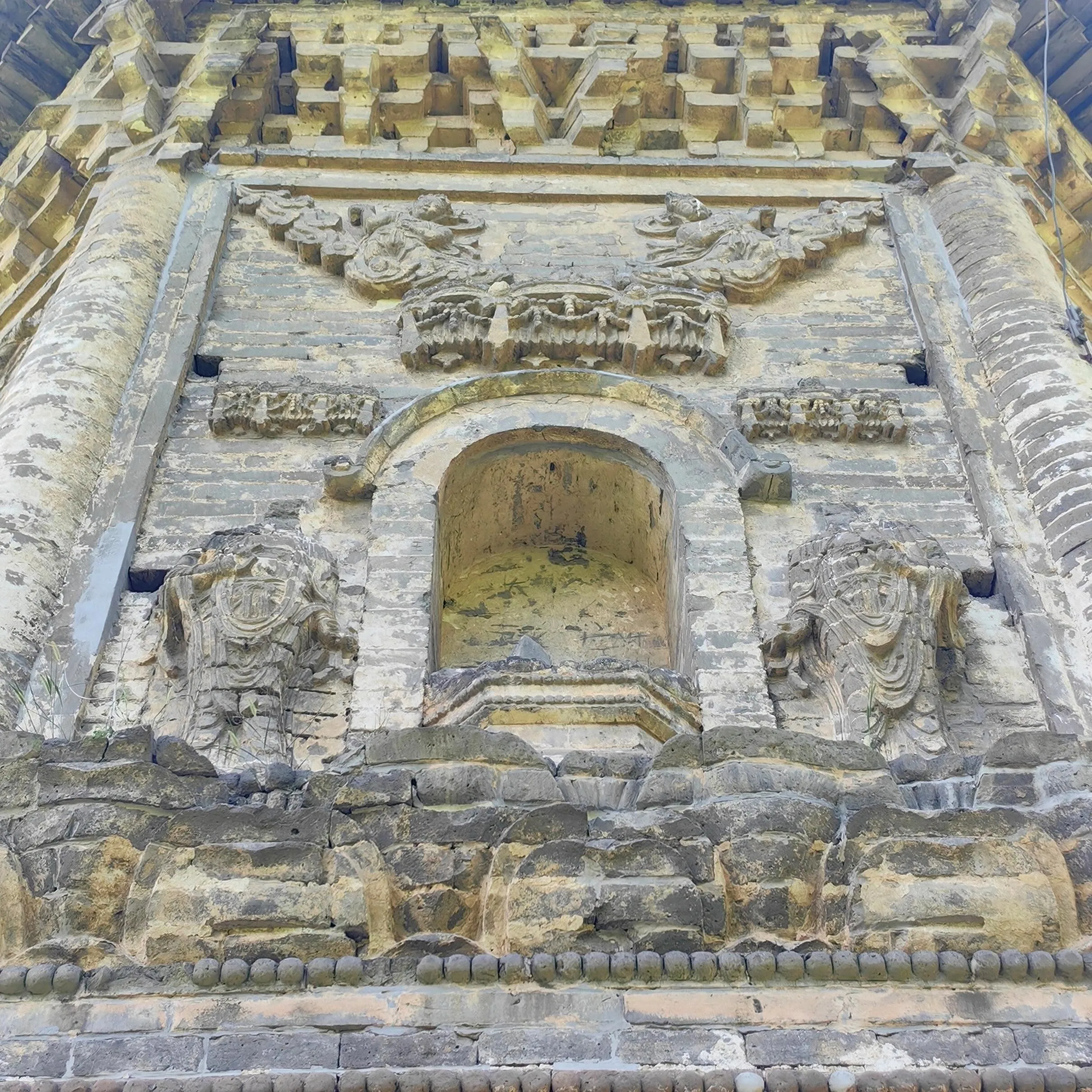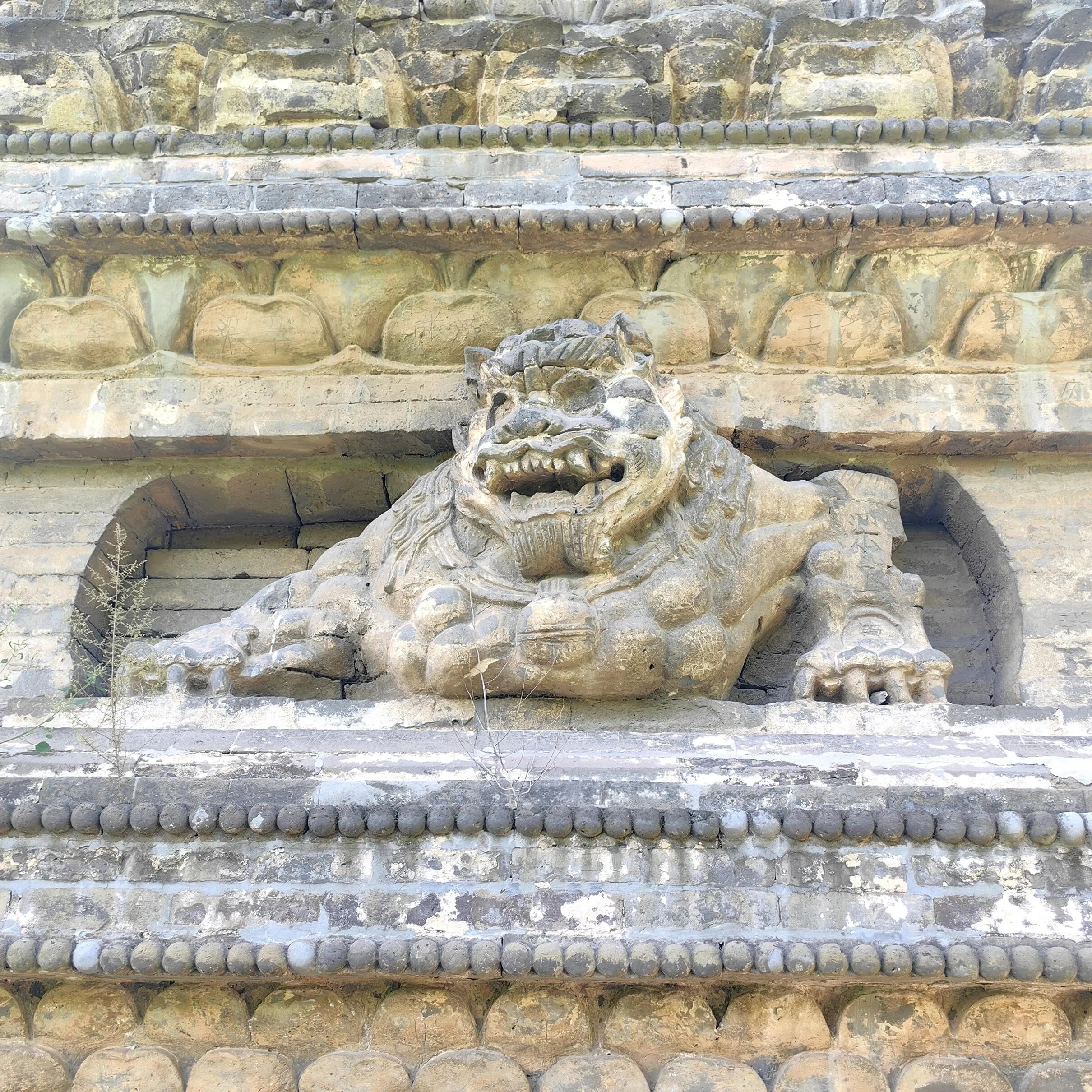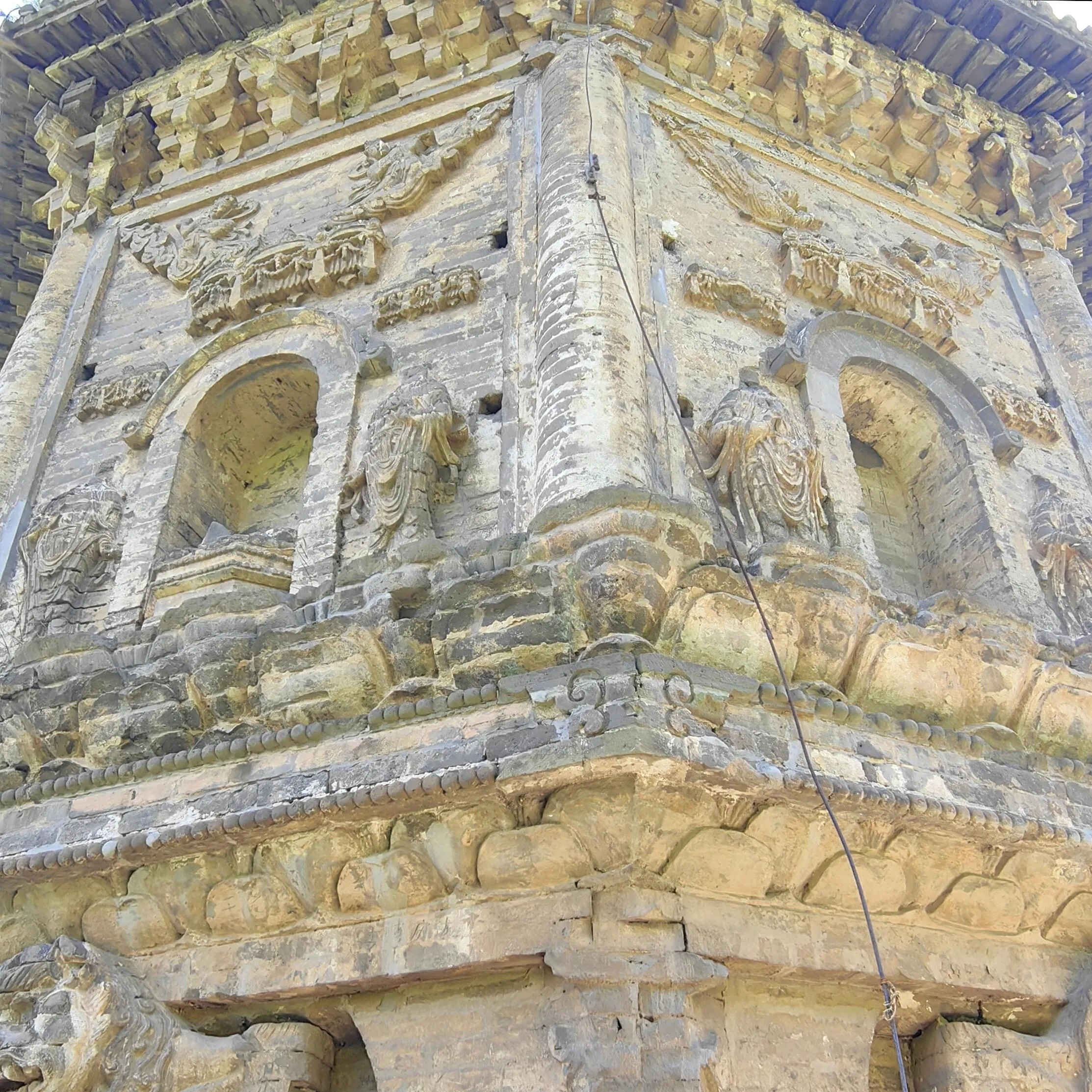 金塔的砖雕不仅精美,而且布局合理。 乐舞人物砖雕栩栩如生 ,或抚琴、或吹箫,形象生动,造型优美。半身伏狮砖雕形态逼真,气势威武,在现存辽塔中保存较为完好。塔的八个角均有砖砌圆柱,每面有一拱龛,龛内原本雕有坐佛一尊,可惜如今已不复存在。两旁立有胁侍,披戴璎珞,脚踏莲花。龛门上方雕有四垂大宝盖,盖上的飞天形体秀美。
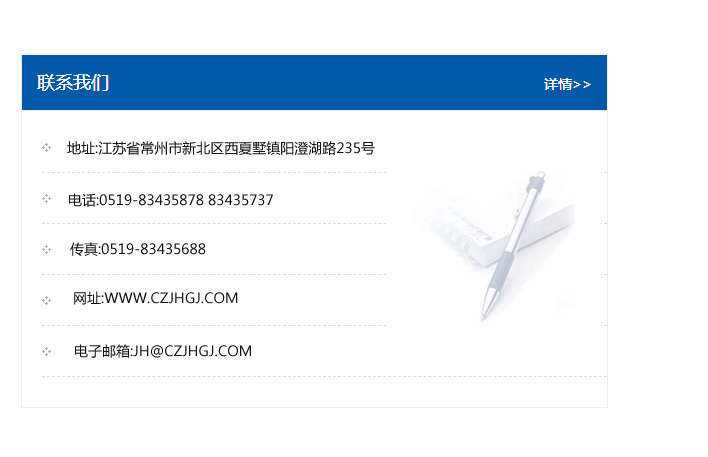 傳真:0519-83435688    郵編:213135    網址:WWW.czjhgj_com.86153631.com    電子郵箱:JH@czjhgj_com.86153631.com
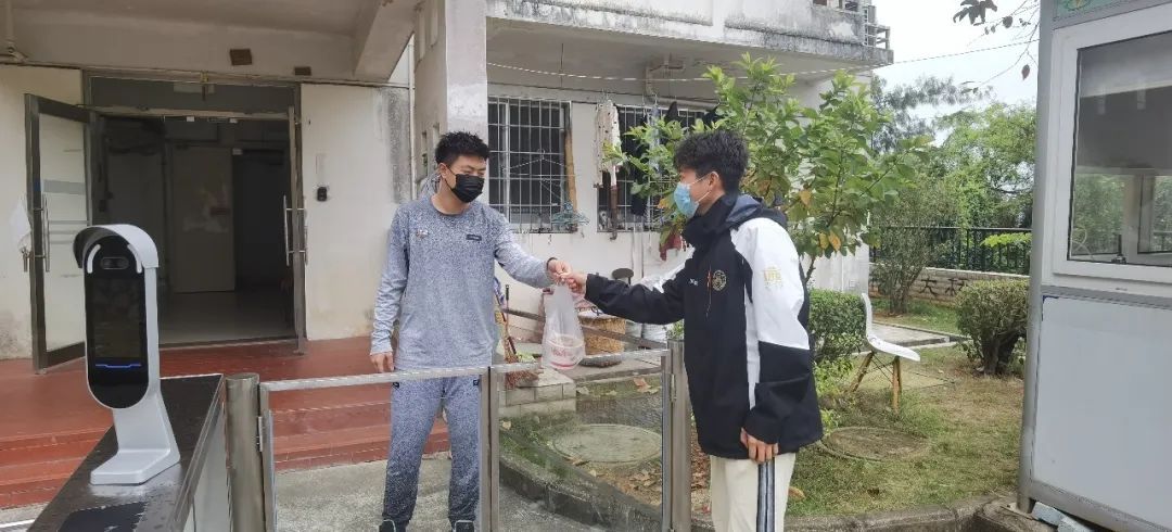 隔离不隔爱,温情抗疫情,公事学子化身“派送员”,每天按时为居家健康监测无法出宿舍的同学们送饭,为同学的日常生活提供保障。
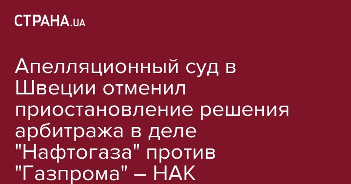 Апелляционный суд в Швеции отменил временное приостановление решения арбитража, согласно которому "Газпром" (РФ) должен НАК "Нафтогаз Украины" $2,6 млрд, сообщил главный коммерческий директор НАК Юрий Витренко.
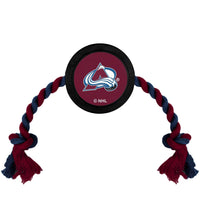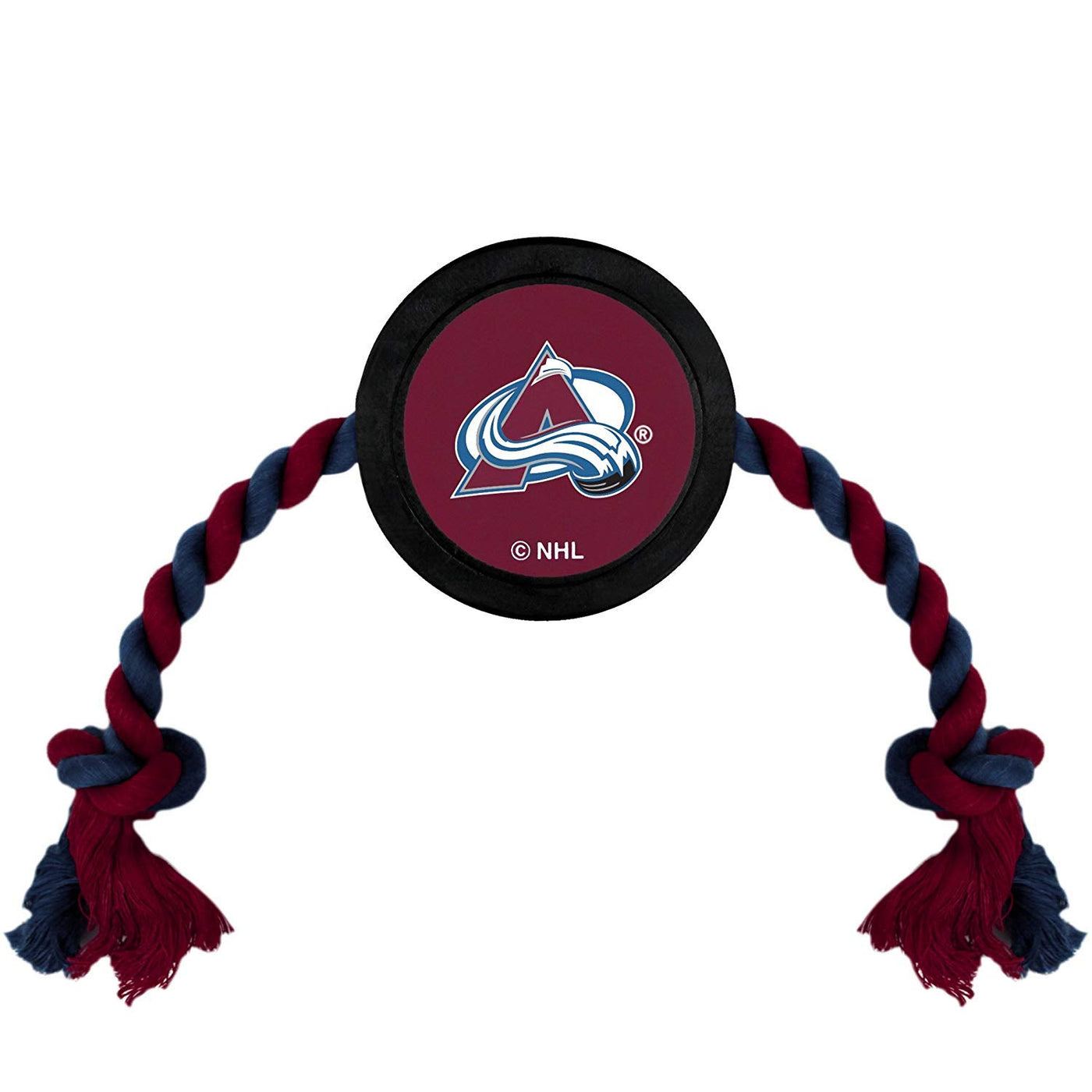 Pets First Dog Rubber Toy With Heavy-Duty Rope Tug, Nhl Colorado Avalanche Puck Toy For Dogs & Cats - Play Hockey With Your Pet!
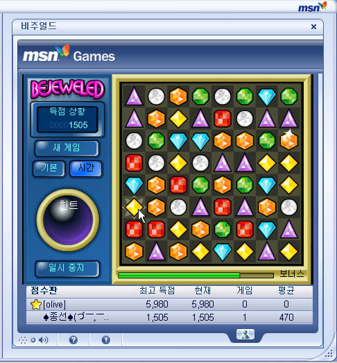*비쥬얼드 전략 MSN에서 가장 인기있는 종목중의 하나인 비쥬얼드는 다양한 전략이 존재한다. 그중에서도 가장 정석인 방법은 일명 “아래서부터 족쳐 연사를 노려라”(필자가 지어낸 것이니 태클은 사절이다)라는 방법이다. 비쥬얼드에서는 3개씩 없애는 것보다는 4개, 5개씩 없애거나 한 번에 다수의 줄을 처리하는 것이 점수를 더 많이 획득한다. 이것을 이용한 방법으로 줄의 가장 아래에서 세로방향으로 없애기 시작하면 보석들이 한 번에 우르르 내려오게 마련이다. 그러다 보면 자연스레 위의 것들이 아래 것들이 겹쳐지는 경우가 생겨 연쇄가 발생한다. |
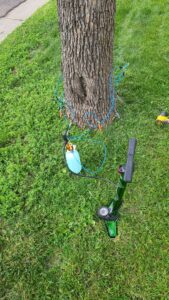 Photo Submitted by John Sanford: Belek’s Tree Service sets up a treatment solution for this ash tree. Treatments need to be done every two years.
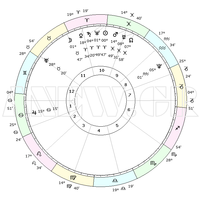 | | ΘΕΣΕΙΣ ΠΛΑΝΗΤΩΝ ΑΣΤΡΟΛΟΓΙΚΟΥ ΧΑΡΤΗ ΤΗΣ ΣΤΙΓΜΗΣ ΑΥΤΗΣ | | | | Πλανήτης | Ζώδιο | Μοίρες | Δεκαήμ. | Σε οίκο | Απόκλιση | | Ακμές των οίκων | | Ηλιος | Κριός | 00°43' | Πρώτο | 11 | 00 N 17 | | 1ος | 08°23' | Δίδυμοι | | Σελήνη | Ταύρος | 00°42' | Πρώτο | 12 | 15 N 35 | | 2ος | 01°39' | Καρκίνος | | Ερμής | Ιχθείς | 08°30' | Πρώτο | 10 | 07 S 35 | | 3ος | 22°52' | Καρκίνος | | Αφροδίτη | Κριός | 18°28' | Δεύτερο | 11 | 06 N 27 | | 4ος | 16°21' | Λέων | | Αρης | Ιχθείς | 14°45' | Δεύτερο | 10 | 07 S 00 | | 5ος | 16°20' | Παρθένος | | Δίας | Καρκίνος | 15°15' | Δεύτερο | 2 | 22 N 55 | | 6ος | 25°54' | Ζυγός | | Κρόνος | Κριός | 04°20' | Πρώτο | 11 | 00 S 14 | | 7ος | 08°23' | Τοξότης | | Ουρανός | Ταύρος | 28°20' | Τρίτο | 12 | 19 N 37 | | 8ος | 01°39' | Αιγόκερως | | Ποσειδώνας | Κριός | 01°48' | Πρώτο | 11 | 00 S 29 | | 9ος | 22°52' | Αιγόκερως | | Πλούτωνας | Υδροχόος | 05°01' | Πρώτο | 9 | 22 S 48 | | 10ος | 16°21' | Υδροχόος | | Β. Δεσμός | Ιχθείς | 07°58' | Πρώτο | 10 | 08 S 35 | | 11ος | 16°20' | Ιχθείς | | Ωροσκόπος | Δίδυμοι | 08°23' | Πρώτο | | | 12ος | 25°54' | Κριός | | Μεσουράνημα | Υδροχόος | 16°21' | Δεύτερο | | | |
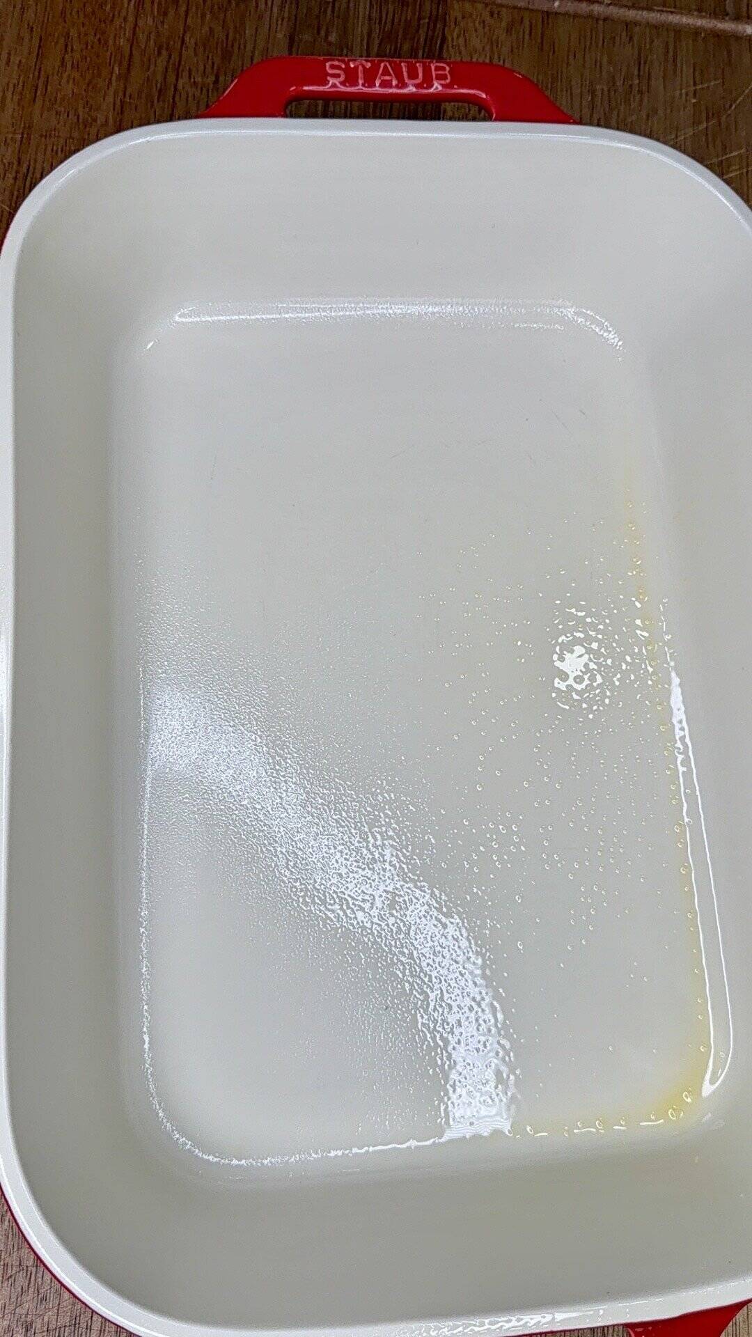 - Grease a 9×13 baking dish.
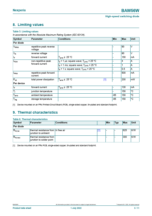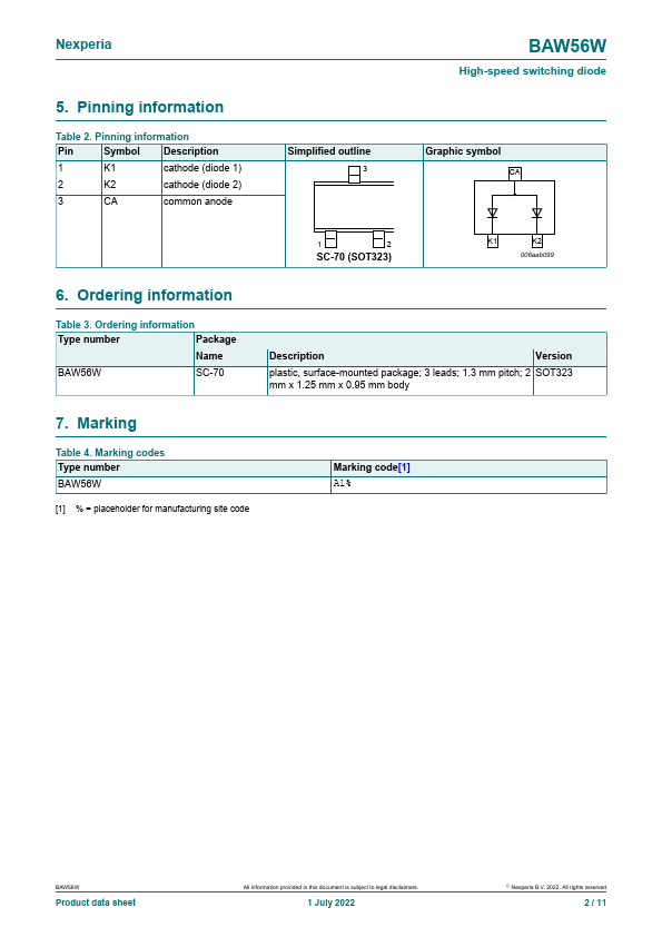 High-speed switching diode, encapsulated in a very small SOT323 (SC-70) Surface-Mounted Device (SMD) plastic package.

****************

▶ **TASK TO COMPLETE**
The lines to copy run from the one with "- Grease a 9×13 baking dish." through the end of the material. Write them out exactly, leaving out the pictures.

▶ **OUTPUT OF THE TASK**
 - Grease a 9×13 baking dish.
 High-speed switching diode, encapsulated in a very small SOT323 (SC-70) Surface-Mounted Device (SMD) plastic package.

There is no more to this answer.